Saved entries:
········

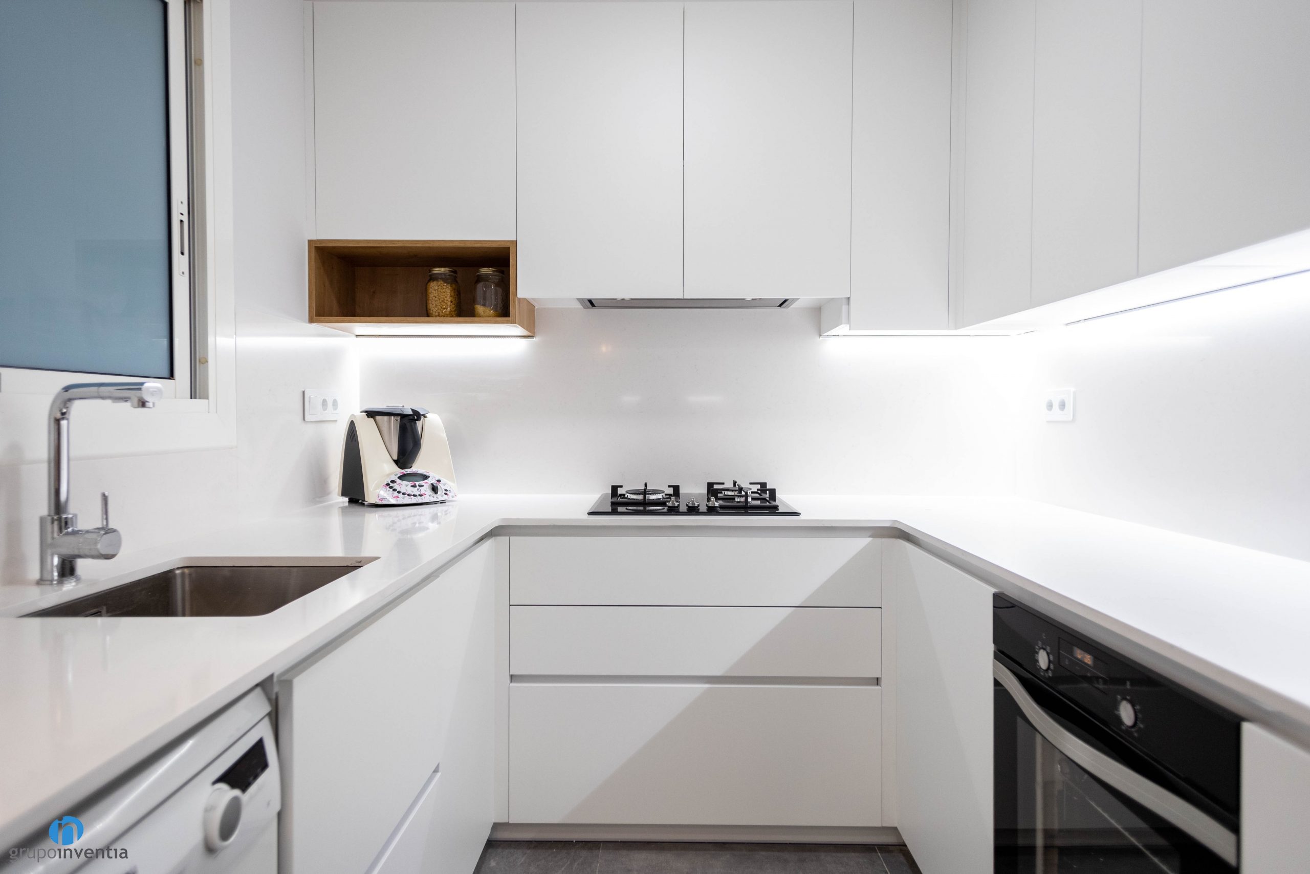 In Grupo Inventia we have completed a new project of house renovation in Barcelona. Our team has been working on improving the spaces of this house located on Espinoi street. It has managed to print a modern and current image in addition to fully equipping the key rooms. At this last point the kitchen and bathroom are ready to offer the best features.
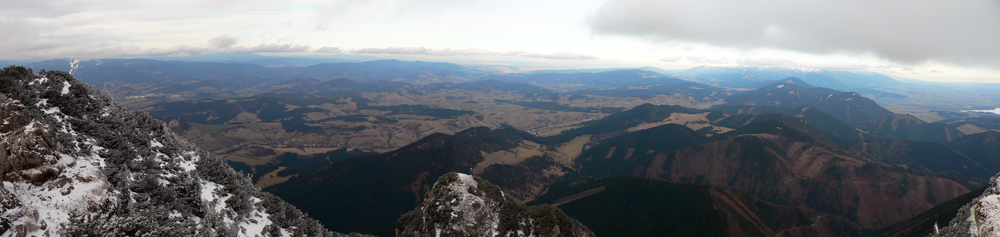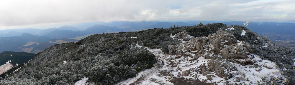 Záverečné kľučkovanie kosodrevinou na Choč je už pohodovka, aj keď miestami s trochou ľadu. Ale väčšinou je špinavý od blata, tak sa nekĺže. Z vrcholu si konečne raz užívam výhľady, aj keď je pod mrakom - doteraz som tu mal vždy šťastie len na vrcholovú hmlu. Zaujímavý je pohľad na sviežo zelené, dobre že nie rozkvitnuté januárové kotliny liptovsko-oravskie :-)
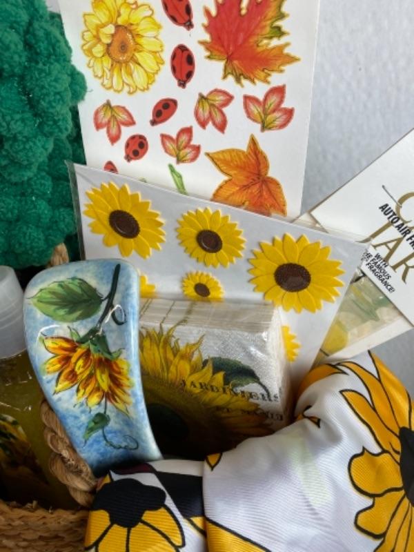 Sunflower gift basket lot with napkins, lotion, coasters, sunflower mirror, sunflower plate sunflower Maryland scarf, Pewter Stand, and much more
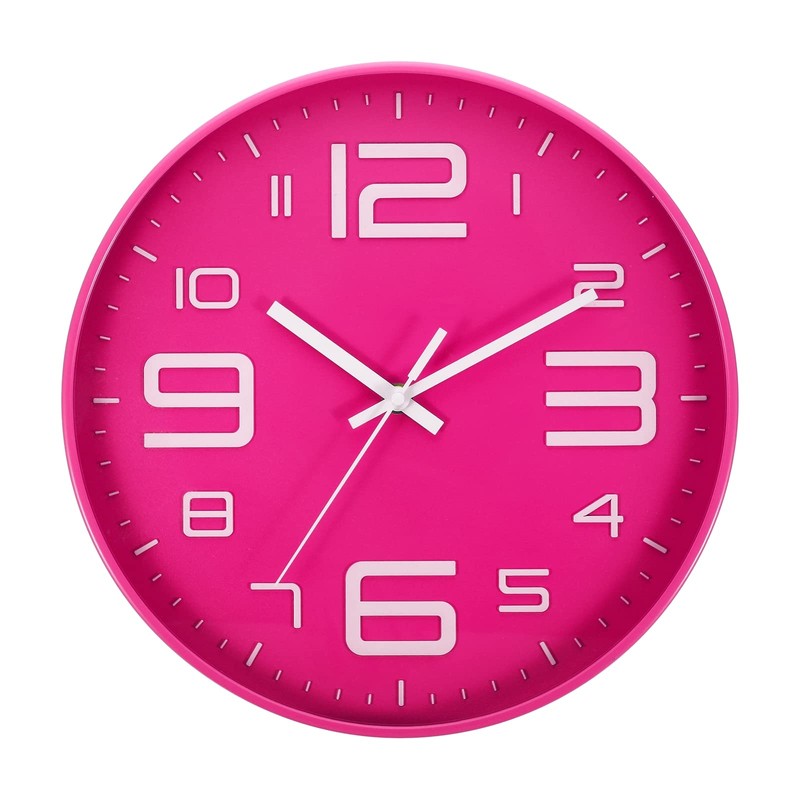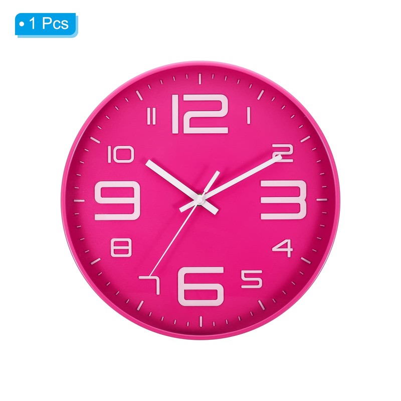PATIKIL 12 Inch Wall Clock, Battery Operated Silent Non-Ticking Sweep Movement White 3D Numbers Round Clocks for Office Bedroom Decorative, Pink
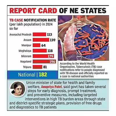 NEW DELHI: The northeast is not new to fighting diseases, and government data also reflects the same with the number of tuberculosis (TB) case notifications at the lowest in five states and Union Territories. This group includes Manipur and Tripura, which registered fewer than 100 cases of TB per lakh population in 2024.
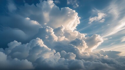 Dramatic cloud formation with billowing clouds and blue sky illuminated by sunlight ideal for atmospheric backgrounds and textures Copy Space
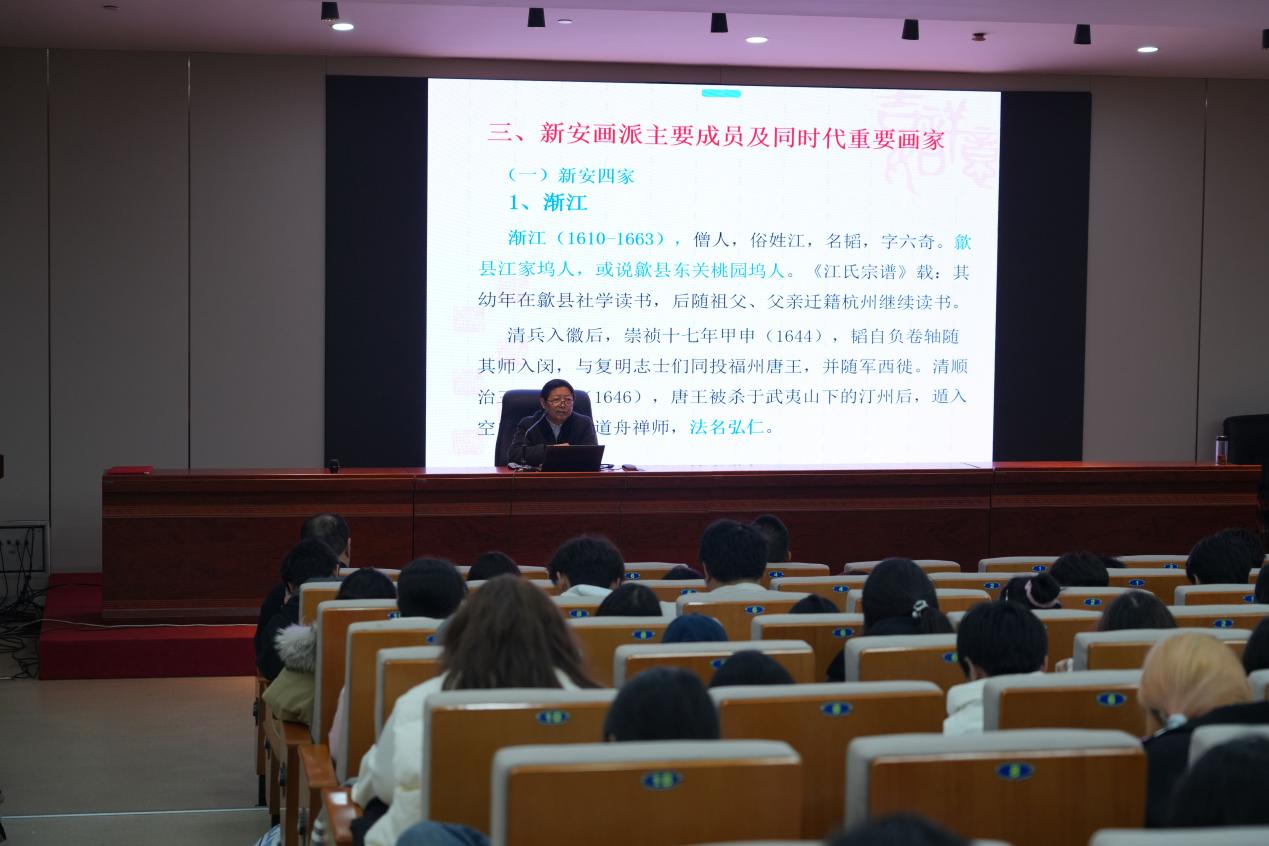 11月25日下午,新安画派大讲堂第二讲在美术楼一楼学术报告厅举行,陈祥明教授主讲题为《从渐江到黄宾虹--新安画派概观》的学术报告。我校原校长樊嘉禄教授、美术学院党总支书记陈明海及美术学院师生共同参加了讲座。讲座由新安画派研究院院长刘伟主持。
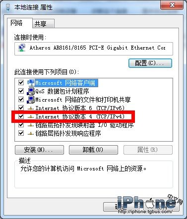 6、在彈出對話框中選擇“網絡”選項卡中的“Internet協議版本4(TCP/IPv4)”;

········

- Your goal: Pictures aside, give the data again exactly as it appears.

- Written response:
 In Grupo Inventia we have completed a new project of house renovation in Barcelona. Our team has been working on improving the spaces of this house located on Espinoi street. It has managed to print a modern and current image in addition to fully equipping the key rooms. At this last point the kitchen and bathroom are ready to offer the best features.
 Záverečné kľučkovanie kosodrevinou na Choč je už pohodovka, aj keď miestami s trochou ľadu. Ale väčšinou je špinavý od blata, tak sa nekĺže. Z vrcholu si konečne raz užívam výhľady, aj keď je pod mrakom - doteraz som tu mal vždy šťastie len na vrcholovú hmlu. Zaujímavý je pohľad na sviežo zelené, dobre že nie rozkvitnuté januárové kotliny liptovsko-oravskie :-)
 Sunflower gift basket lot with napkins, lotion, coasters, sunflower mirror, sunflower plate sunflower Maryland scarf, Pewter Stand, and much more
PATIKIL 12 Inch Wall Clock, Battery Operated Silent Non-Ticking Sweep Movement White 3D Numbers Round Clocks for Office Bedroom Decorative, Pink
 NEW DELHI: The northeast is not new to fighting diseases, and government data also reflects the same with the number of tuberculosis (TB) case notifications at the lowest in five states and Union Territories. This group includes Manipur and Tripura, which registered fewer than 100 cases of TB per lakh population in 2024.
 Dramatic cloud formation with billowing clouds and blue sky illuminated by sunlight ideal for atmospheric backgrounds and textures Copy Space
 11月25日下午,新安画派大讲堂第二讲在美术楼一楼学术报告厅举行,陈祥明教授主讲题为《从渐江到黄宾虹--新安画派概观》的学术报告。我校原校长樊嘉禄教授、美术学院党总支书记陈明海及美术学院师生共同参加了讲座。讲座由新安画派研究院院长刘伟主持。
 6、在彈出對話框中選擇“網絡”選項卡中的“Internet協議版本4(TCP/IPv4)”;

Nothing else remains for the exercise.